EXAMPLE OF CLASSIFICATION WITH A DIRICHLET DIFFUSION TREE JOINT MODEL.

Rather than classify items with a neural network or Gaussian process
model for the conditional distribution of the class given inputs, we
can instead model the joint distribution of the inputs and the class,
from which we can then derive the conditional distribution of the
class given the inputs.  Here, this is done using a Dirichlet
diffusion tree model for the joint distribution.  One advantage of
this approach is that unlabelled data (with the class missing) can be
used to help learn the classifier.

The data is the same as that used for the example of modeling a
bivariate density (see Ex-mixdft-r.doc), except that we now also look
at the 0/1 indicator of which component each data point was generated
from, which was previously ignored.  The full data file (in ex-mixdft)
can be used to create a training set of 500 cases in which only the
last 10 cases have class labels, as follows:

    > head -500 rdata | sed "1,490s/.\$/?/" >rdata.t

Don't worry if this is gibberish to you - all that matters is the
final result, in which the first 490 cases have the class indicator
replaced by "?", which indicates a missing value.
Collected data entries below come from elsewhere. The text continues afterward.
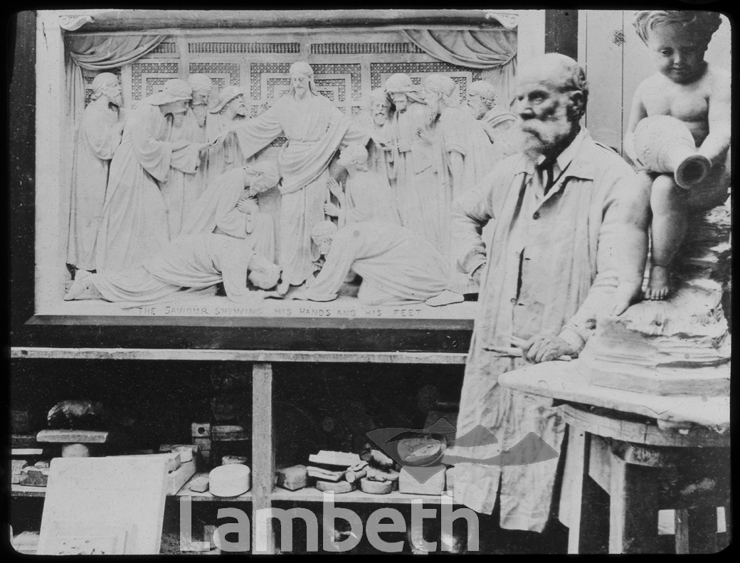Sculptor George Tinworth in his studio at Doulton Potteries in Lambeth with a terracotta panel titled 'The Saviour Showing his Hands and Feet'. From a boxed set of glass negatives produced by Doulton & Co Ltd, Lambeth, illustrating 'Tinworth Panels'. ID: GNS/1/1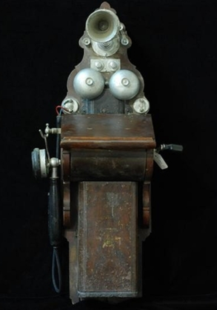 Este teléfono de pared, de la marca sueca Ericsson, modelo popularmente conocido como “Pulpit” porque su peculiar diseño recuerda a los púlpitos de las iglesias escandinavas, comenzó a fabricarse en 1882 y con ligeras variantes siguió fabricándose durante décadas. Formado por un cuerpo de madera maciza, en el que se insertaban un grupo de piezas exteriores metálicas (micrófono fijo, doble campana y auricular), presenta en el centro un pequeño atril a modo de escritorio con tapa. La pieza se completa con una parte inferior metálica decorada con la calcomanía de la fábrica, que ocultaba la batería. Instalado para hablar de pie, mediante la manivela se activaba el dispositivo para establecer la conexión con la centralita, mientras que el receptor o auricular, a la izquierda, iba apoyado en el conmutador de conexión/desconexión del teléfono.
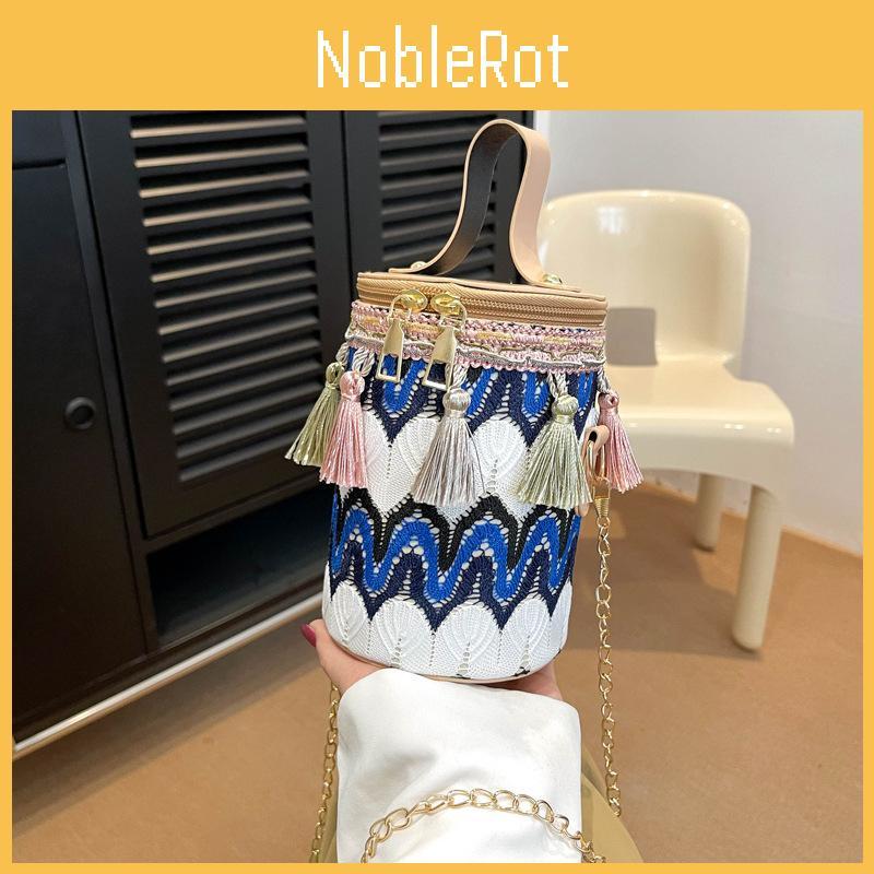 Ethnic Tassels Style Chain Strap Tote Cylinder Crossbody Bag For Women Daily Use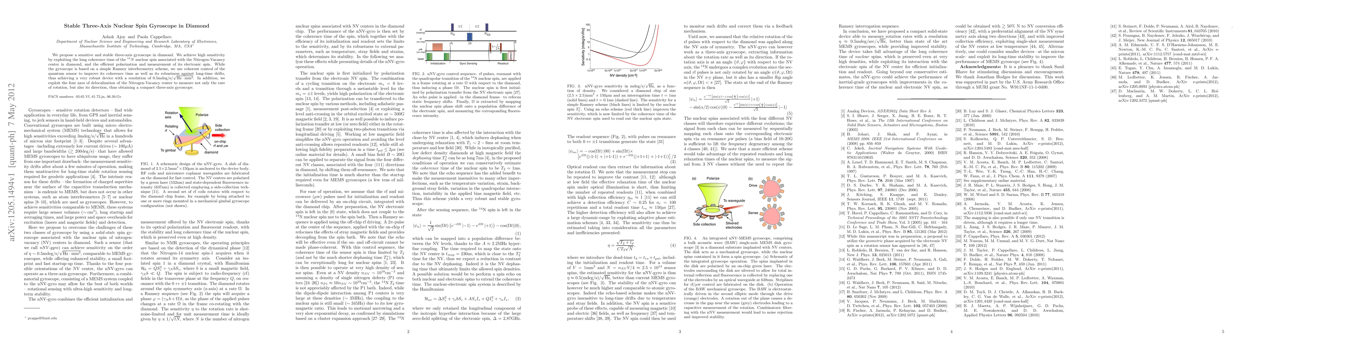 This paper proposes a stable and sensitive three-axis gyroscope in diamond, utilizing the long coherence time of N14 nuclear spin linked to Nitrogen-Vacancy centers. The gyroscope achieves high resolution and robustness through coherent control and measures both rotation rate and direction.
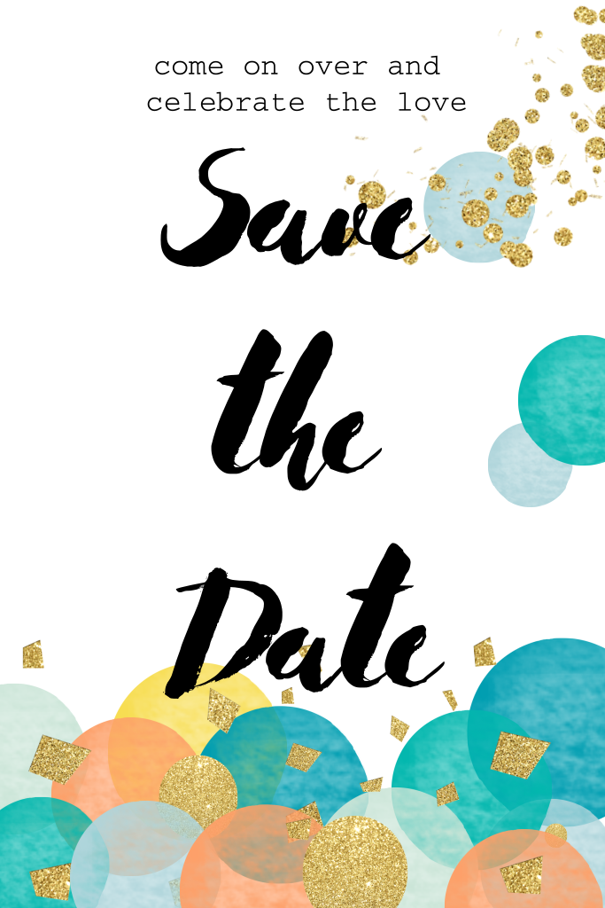 Uitnodiging huwelijk met blauw en groene confetti en goudkleurige glitters. Alles staat los op dit kaartje en is te bewerken. (5264)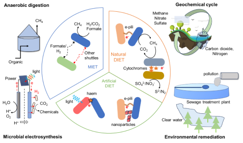 直接种间电子转移(DIET)是指微生物电互营共生过程中依赖于供电子菌株和受电子菌株之间的直接电子转移,从而帮助细菌在恶劣环境中生存的关键行为。研究发现微生物电互营可以实现低碳氮比废水中90%的硝酸盐去除,减少污水处理过程中50%以上的甲烷排放,其中DIET起着至关重要的作用。虽然直接的种间电子转移在促进地球化学循环和环境修复方面具有巨大的潜力,但其电子传递过程在实际应用中并不可控,主要原因是对直接种间电子转移机制的理解有限。
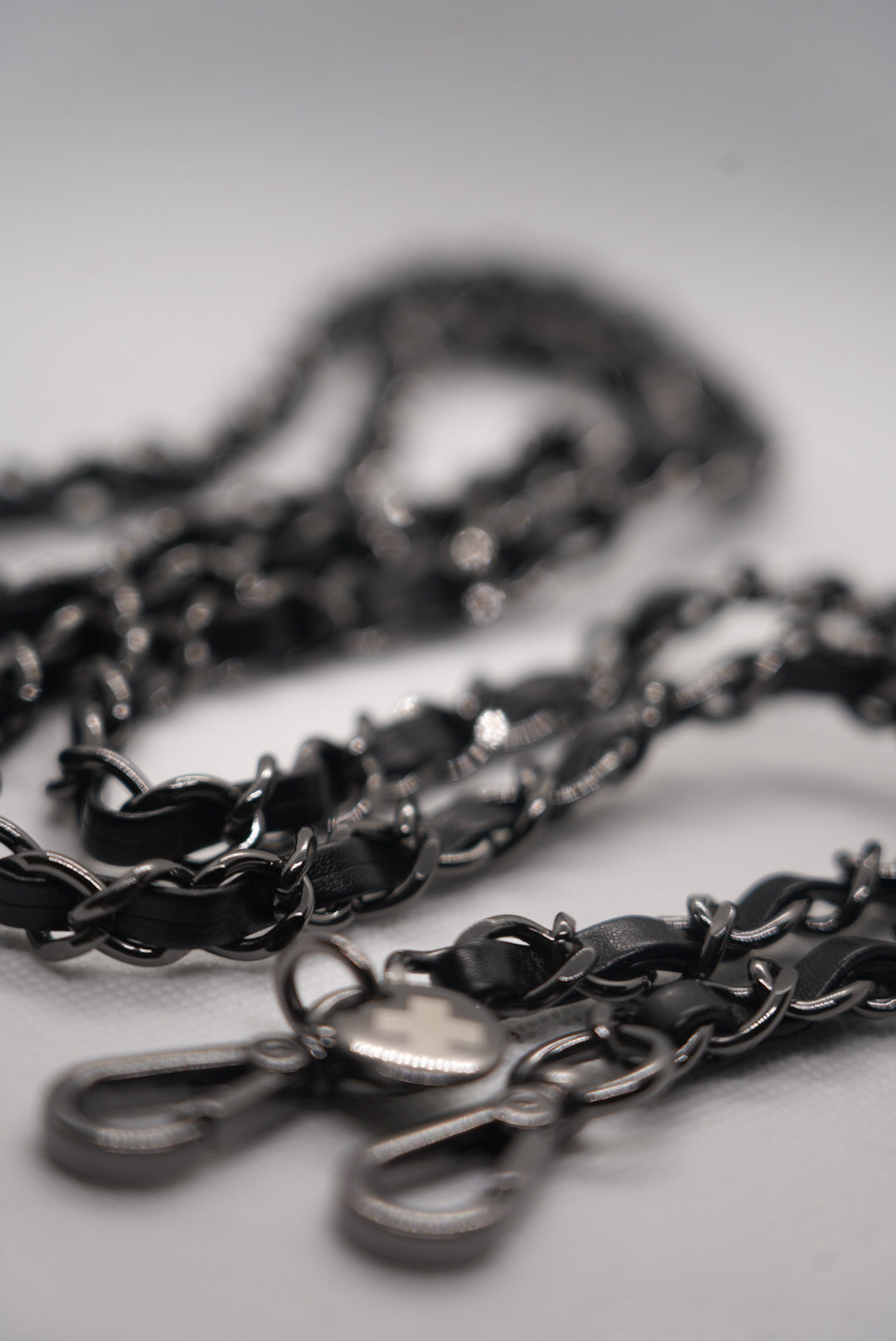 Alça de corrente em metal prateado e courino entrelaçado, pode ser usada à tiracolo ou na transversal, ótima opção em momentos em que as mãos devem estar livres.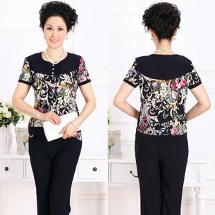2015春夏新款中年女裝 時(shí)尚優(yōu)雅撞色印花媽媽裝 休閑T恤套裝批發(fā) /

The following specifications set up a Dirichlet diffusion tree model
for the two inputs and the class (all regarded as "targets" for this
model):

    > dft-spec   rblog.dft 0 3 / 0.5:0.5:0.5 0.01:0.5 - 0.01:0.5
    > model-spec rblog.dft real 0.1 last-binary
    > data-spec  rblog.dft 0 3 / rdata.t@1:500 .

Note that "last-binary" option of model-spec.  This says that although
the targets are generally real-valued, the very last target is binary.

We can now sample from the posterior distribution for the tree and the
parameters of the model as follows:

    > mc-spec    rblog.dft repeat 15 gibbs-latent slice-positions \
                                     met-terminals gibbs-sigmas slice-div
    > dft-mc     rblog.dft 1000

This takes about 45 minutes on the system used (see Ex-system.doc).

We can use iterations from the end of this run to evaluate the
predictive density for some new vector of targets.  In order to make a
prediction for the class of some test case in which only the two
real-valued targets are known, we need to evaluate the predictive
density for the test case with 0 filled in for the class and for the
test case with 1 filled in for the class.  Two files of test cases
(the last 500 in rdata) with the actual classes replaced by 0 and by 1
can be created as follows (again, don't worry if the details don't
make sense to you):

    > tail -500 rdata | sed "1,\$s/.\$/0/" >rdata.0
    > tail -500 rdata | sed "1,\$s/.\$/1/" >rdata.1

The following commands find the log probability densities for these
test cases, based on every fifth iteration after iteration 400 from
the log file:

    > dft-pred pb rblog.dft 405:%5 / rdata.0 . >rdata.lp0
    > dft-pred pb rblog.dft 405:%5 / rdata.1 . >rdata.lp1

The following commands convert the log probability densities into
probability densities:

    > sed "s/e/E/" <rdata.lp0 | sed "s/.*/calc \"Exp(&)\"/" \
        | bash | sed "s/ */p0=/" >rdata.up0
    > sed "s/e/E/" <rdata.lp1 | sed "s/.*/calc \"Exp(&)\"/" \
        | bash | sed "s/ */p1=/" >rdata.up1

The ratio of the probability density of a test case with the class set
to 1 to the probability density of the same test case with the class
set to 0 can be used to find the conditional probability of class 1,
as follows:

    > combine rdata.up0 rdata.up1 | sed "s/.*/calc & \"p1\\/(p0+p1)\"/" \
        | bash >rdata.p1

The final result, in the file rdata.p1, is the predictive probability
of class 1 for each of the 500 test cases.  If we now guess that the
class is 1 if this probability is greater than 0.5, the resulting
error rate is 2.6%.  This is much better than we would be likely to
achieve with any method that looks only at the 10 training cases for
which the class is known.